I just finished reading a book about King William's War, which is what Americans call the fighting between the British and the French (plus settlers and Indian allies) that broke out after the Glorious Revolution of 1688.
This was a very important event in North American history, setting the pattern followed by all the other North American wars down to 1763. The events of that war kept happening over and over: the British, egged on by New Englanders, kept repeating its siege of Quebec; armies marched over and over down the same roads, boated along the same lakes and rivers, besieged the same forts and fought battles in the same places.
But what I learned from this book that stays with me is that besides fighting on the St. Lawrence, the Mohawk, the Hudson, the St. Johns, Lake Champlain, Lake Ontario, Lake Erie, and the Gulf of Maine, the British and French also fought each other on Hudson Bay.
Imagine: this vast, cold body of water, its only entrance blocked by ice as much as ten months a year, thousands of miles from Europe at the end of a horrifically dangerous voyage that claimed uncounted mariners; I marvel that anyone sailed there, let alone fought a war there. But fight they did.
The Bay's history with Europeans started badly. The first Europeans to see it sailed with Henry Hudson, an Englishman who was then in the pay of the Dutch. They worked their way around the southern coast of Greenland past Baffin Island and into the Hudson Strait – really, the man certainly named a lot of stuff after himself – searching like so many others for the Northwest Passage. Instead they found a vast inland sea. By the time they reached the southern shore it was too late in the season to sail back, so they were trapped by the ice. They wintered over on the shores of James Bay, surviving by bartering with nearby Indians. When the ice finally broke up in the spring Hudson wanted to go on exploring, but his crew had had enough. They mutinied, left Hudson and a couple of loyalists floating on a small boat, and sailed back to Europe.
No one knows the fate of Hudson or the crew members stranded with him, but historians see no evidence that they survived for long afterwards.
Nobody was eager to follow in Hudson's wake, so few Europeans saw the Bay for the next fifty years.
Then around 1660 a pair of resourceful French traders, Pierre-Esprit Radisson and Médard Chouart, Sieur des Groseilliers, reached the Bay by canoe and discovered that the forests around it were a fabulous source of furs. They were unable to interest the French leadership in trading at the Bay because that would have disrupted the carefully constructed network of alliances with Indian tribes closer at hand. So Radisson and Groseilliers turned to the English. They raised money, much of it in Boston, for a voyage in 1663 that brought back a load of valuable furs. This got them first arrested for unlicensed trading and then ushered into the company of royal favorites to discuss schemes to exploit their discovery. Those favorites financed a single ship called the Nonsuch to make the journey, in 1668. That voyage was so profitable that its backers quickly formed a company to make regular journeys, The Governor and Company of Adventurers of England trading into Hudson's Bay.
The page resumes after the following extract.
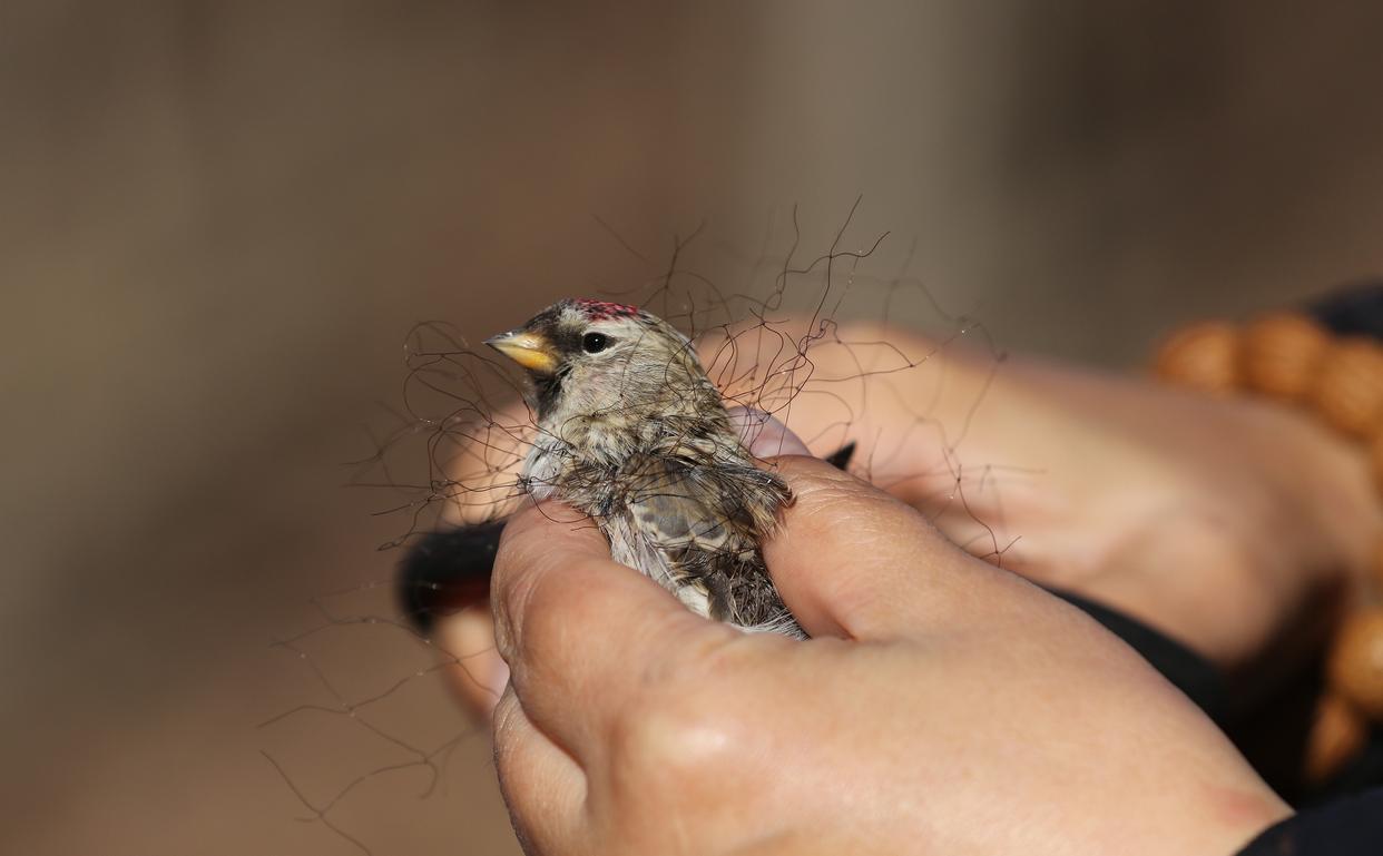 哈尔滨野保志愿者团队志愿者在剪掉缠在白腰朱顶雀身上的鸟网(2019年11月2日摄)。新华社发(张树摄)

The first governor of the company was Prince Rupert, a close associate of the king, and not surprisingly the company received a royal monopoly on trade to the whole region that drained into the Bay.
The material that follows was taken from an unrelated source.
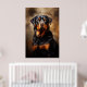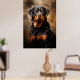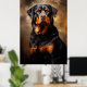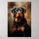 A majestic Rottweiler dog depicted with a gaze that conveys intelligence and a touch of solemnity. Set against a blurred background that ranges from light to dark hues, the dog's gleaming eyes and glossy black and tan coat stand out prominently.

After the Company built tradings posts on the Bay the French finally responded, sending their own expeditions to drive out the English. A weird sort of war ensued, weird partly because it took two years for news from the Bay to reach London or Paris, be considered the Royal Council, and a new expedition be fitted out to go forth and carry out the crown's decisions. So one side would send a force to take over the half a dozen trading posts that had been established around the Bay, and then two years later the other side would respond and take them back, and so on.
The most exciting part of this long, slow war, was a naval fight known as the Battle of Hudson Bay, when a French warship commanded by Captain Pierre Le Moyne d'Iberville defeated an English squadron commanded by Captain John Fletcher. D'Iberville commanded the Pelican, a warship of 44 guns that had been part of a force of three ships. The other two had gotten lost in fog and ice, but D'Iberville pressed on alone, eventually coming up alone against Fletcher's three ships. The Pelican and Fletcher's flagship, the Hampshire, which carried 50 guns, traded close-range broadsides. The Pelican seemed to be getting the worst of it, and Captain Fletcher demanded that D'Iberville surrender, but D'Iberville refused. Legend has it that Fletcher was raising a glass of wine to toast D'Iberville's bravery when a shot from the Pélican struck Hampshire's powder magazine; the Hampshire exploded and quickly sank, putting a fatal end to Fletcher's toasting.
This northern war ended in an English victory. In the 1713 Treaty of Utrecht France the right of the Hudson's Bay Company to all the land granted in its charter, a vast region that eventually became a third of Canada.
A replica of D'Iberville's Pelican
Once again I marvel at the fantastic greed and energy of our species. In search of great rewards we will go anywhere and do anything, if necessary fighting and killing and dying at the far end of the planet. If only our wisdom came anywhere close to our daring.